__WHAT IS BEING ASKED__
Starting at the line with "Профессиональный пневматический краскопульт" and stopping at the final line, retype the data below exactly; do not carry over any pictures.
DATA SHOWN START
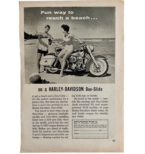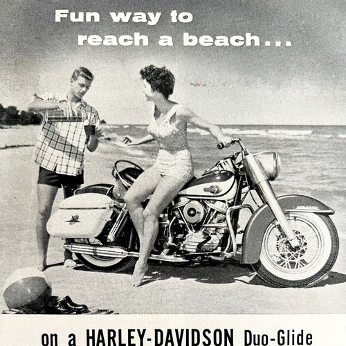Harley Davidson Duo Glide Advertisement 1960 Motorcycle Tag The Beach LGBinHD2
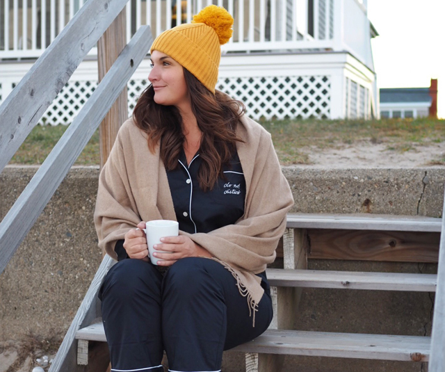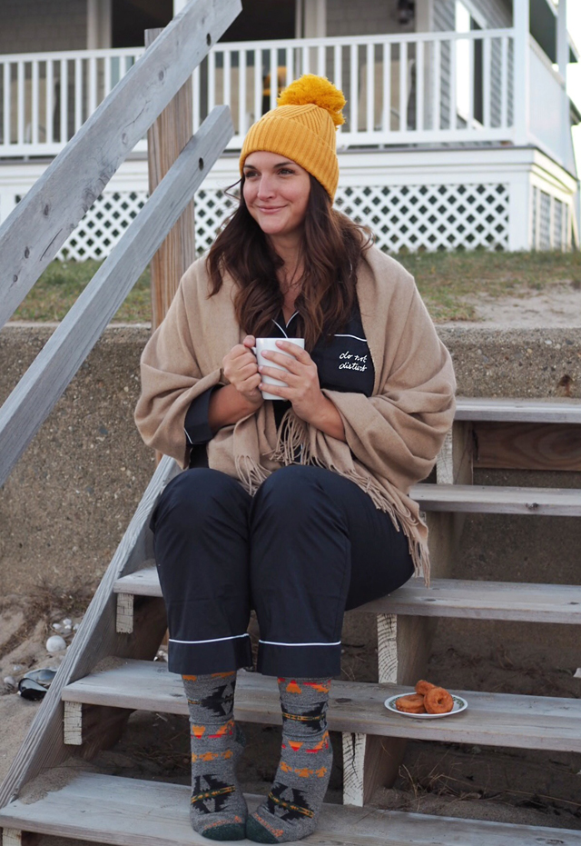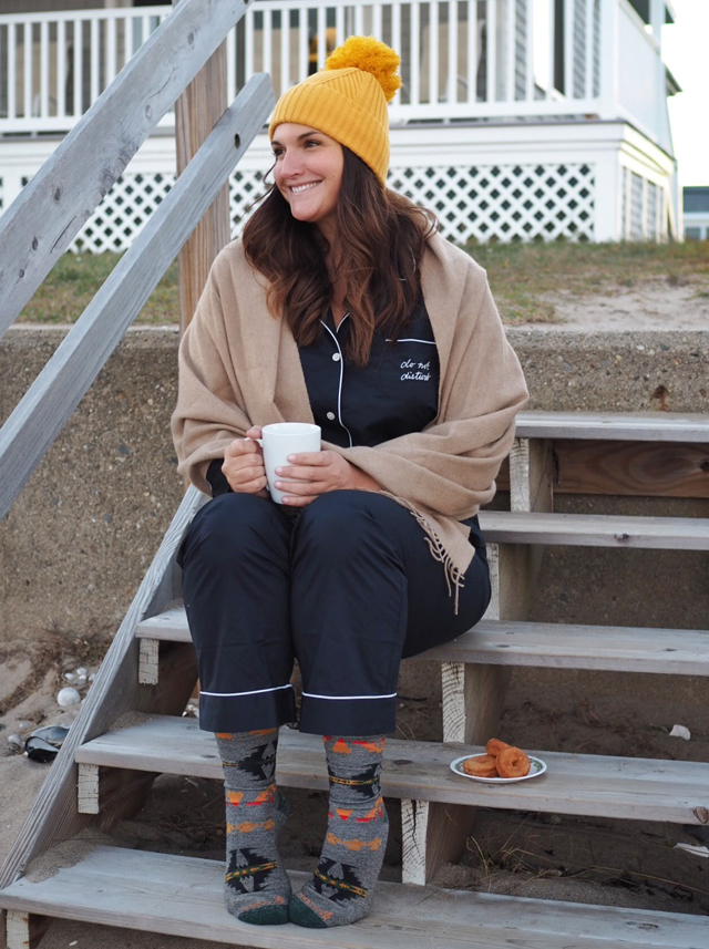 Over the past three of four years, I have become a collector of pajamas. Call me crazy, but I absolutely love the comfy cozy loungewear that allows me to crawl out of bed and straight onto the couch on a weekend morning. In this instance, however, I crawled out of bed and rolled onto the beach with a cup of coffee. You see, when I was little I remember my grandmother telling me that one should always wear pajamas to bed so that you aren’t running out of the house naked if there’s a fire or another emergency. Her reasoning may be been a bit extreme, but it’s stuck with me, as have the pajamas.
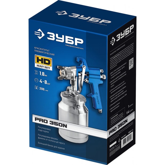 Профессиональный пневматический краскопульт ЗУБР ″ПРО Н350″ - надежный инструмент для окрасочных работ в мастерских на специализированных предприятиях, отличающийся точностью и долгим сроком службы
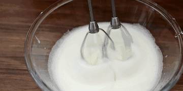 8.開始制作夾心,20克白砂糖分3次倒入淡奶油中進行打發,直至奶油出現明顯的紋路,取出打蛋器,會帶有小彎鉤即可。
DATA SHOWN END
__WORKED SOLUTION__
 Профессиональный пневматический краскопульт ЗУБР ″ПРО Н350″ - надежный инструмент для окрасочных работ в мастерских на специализированных предприятиях, отличающийся точностью и долгим сроком службы
 8.開始制作夾心,20克白砂糖分3次倒入淡奶油中進行打發,直至奶油出現明顯的紋路,取出打蛋器,會帶有小彎鉤即可。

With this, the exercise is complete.